How did cats conquer the world?

Adult tabby cat

The beautiful cat that is now resting peacefully on our sofa, the one that looks at us with those eyes so sweet and tender that you want to eat them with kisses, and that starts to purr every time we caress its back or its little head, He has ancestors who traveled on Viking ships.

And not only that, but although until now it was believed that felis catus They had left Egypt to divide the rest of the world in a single expansion, in reality it was not like that. Discover how cats conquered the world.

Thanks to the drop in the cost of DNA analysis, researchers can learn more details about the past of these magnificent and enigmatic animals. Thus, the geneticist Eva-Maria Geigl, from the Jacqued Monod Institute in Paris, carried out a surprising study, in which it is revealed that the little cats accompanied the Vikings and merchants in their boats to, thus, reach other parts of the world and, incidentally, take a walk by the ocean, something that was completely unknown to them until then.

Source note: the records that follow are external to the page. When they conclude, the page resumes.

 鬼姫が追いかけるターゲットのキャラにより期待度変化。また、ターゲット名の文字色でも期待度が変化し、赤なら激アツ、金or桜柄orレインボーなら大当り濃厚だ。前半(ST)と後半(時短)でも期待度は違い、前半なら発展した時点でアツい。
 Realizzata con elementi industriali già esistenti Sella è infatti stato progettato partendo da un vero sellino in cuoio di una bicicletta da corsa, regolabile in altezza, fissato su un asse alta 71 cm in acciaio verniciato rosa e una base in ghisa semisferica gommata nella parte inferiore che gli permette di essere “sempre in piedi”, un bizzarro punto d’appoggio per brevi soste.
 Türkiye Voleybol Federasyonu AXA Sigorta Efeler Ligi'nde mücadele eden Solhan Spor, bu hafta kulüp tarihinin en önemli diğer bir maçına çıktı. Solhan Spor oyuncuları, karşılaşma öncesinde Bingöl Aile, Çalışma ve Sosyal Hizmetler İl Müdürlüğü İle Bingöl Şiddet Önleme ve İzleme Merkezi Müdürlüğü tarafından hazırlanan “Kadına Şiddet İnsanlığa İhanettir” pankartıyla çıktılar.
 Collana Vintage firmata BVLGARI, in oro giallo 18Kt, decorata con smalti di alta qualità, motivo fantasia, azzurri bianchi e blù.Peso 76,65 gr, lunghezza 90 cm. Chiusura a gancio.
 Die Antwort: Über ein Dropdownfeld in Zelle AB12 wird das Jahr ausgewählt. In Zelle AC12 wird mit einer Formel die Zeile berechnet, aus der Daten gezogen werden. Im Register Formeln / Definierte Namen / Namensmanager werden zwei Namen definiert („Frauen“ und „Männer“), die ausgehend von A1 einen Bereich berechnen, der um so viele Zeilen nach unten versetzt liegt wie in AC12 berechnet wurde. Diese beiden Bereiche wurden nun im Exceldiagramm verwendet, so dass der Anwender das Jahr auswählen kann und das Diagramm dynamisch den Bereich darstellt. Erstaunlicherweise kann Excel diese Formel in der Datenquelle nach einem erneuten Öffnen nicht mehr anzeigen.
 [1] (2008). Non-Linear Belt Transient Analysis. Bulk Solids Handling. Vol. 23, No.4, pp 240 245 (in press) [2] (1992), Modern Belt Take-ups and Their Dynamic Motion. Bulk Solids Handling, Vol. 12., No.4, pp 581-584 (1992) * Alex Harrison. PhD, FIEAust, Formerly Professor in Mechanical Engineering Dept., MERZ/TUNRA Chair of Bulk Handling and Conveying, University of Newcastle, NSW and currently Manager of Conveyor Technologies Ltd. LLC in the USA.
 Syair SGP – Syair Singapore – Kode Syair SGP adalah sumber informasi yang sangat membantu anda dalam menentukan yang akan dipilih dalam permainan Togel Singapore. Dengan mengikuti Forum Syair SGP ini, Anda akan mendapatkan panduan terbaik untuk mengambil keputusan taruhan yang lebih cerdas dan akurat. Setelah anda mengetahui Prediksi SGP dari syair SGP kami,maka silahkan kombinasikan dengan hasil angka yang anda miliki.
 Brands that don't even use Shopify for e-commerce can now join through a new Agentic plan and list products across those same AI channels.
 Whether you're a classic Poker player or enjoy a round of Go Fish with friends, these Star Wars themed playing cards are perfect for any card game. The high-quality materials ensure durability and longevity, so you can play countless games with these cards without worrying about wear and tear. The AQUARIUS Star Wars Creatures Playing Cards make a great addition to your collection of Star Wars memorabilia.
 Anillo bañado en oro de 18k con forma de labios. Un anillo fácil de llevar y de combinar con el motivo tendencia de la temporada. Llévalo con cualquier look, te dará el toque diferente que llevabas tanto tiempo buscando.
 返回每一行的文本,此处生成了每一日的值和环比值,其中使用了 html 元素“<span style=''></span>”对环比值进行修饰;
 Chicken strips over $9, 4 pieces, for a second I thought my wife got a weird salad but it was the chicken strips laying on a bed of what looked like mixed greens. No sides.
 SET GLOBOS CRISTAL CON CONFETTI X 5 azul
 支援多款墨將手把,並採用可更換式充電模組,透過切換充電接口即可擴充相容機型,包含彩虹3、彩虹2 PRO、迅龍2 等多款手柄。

Geigl and his team, analyzed the mitochondrial DNA - which is passed from mother to child unchanged - from 209 domestic cats from 30 archaeological sites in Europe, Africa and the Middle East. These animals span human history from the creation of agriculture to the 18th century.

Adult cat outdoors

The result must have surprised them as much as it surely will surprise you: the cats divided the world in two waves. The first occurred when agriculture appeared in eastern Turkey and the Mediterranean, where the ancestors of domestic cats live.. It is suspected that the grain attracted rodents, and these in turn attracted cats, which began to be viewed favorably by farmers.

The second expansion occurred several thousand years later, in Bulgaria, Turkey, and sub-Saharan Africa, between the fourth centuries BC. C. and fourth d. C. By then the sailors probably had already seen the cat, the companion they so badly needed to keep rodents at bay. In fact, a cat with Egyptian mitochondrial DNA was found at a Viking site in northern Germany, dating to between 700 and 1000 AD.

Thus, the domestication of the cat did not occur 4000 years ago as was believed, but at least it does 6000 years.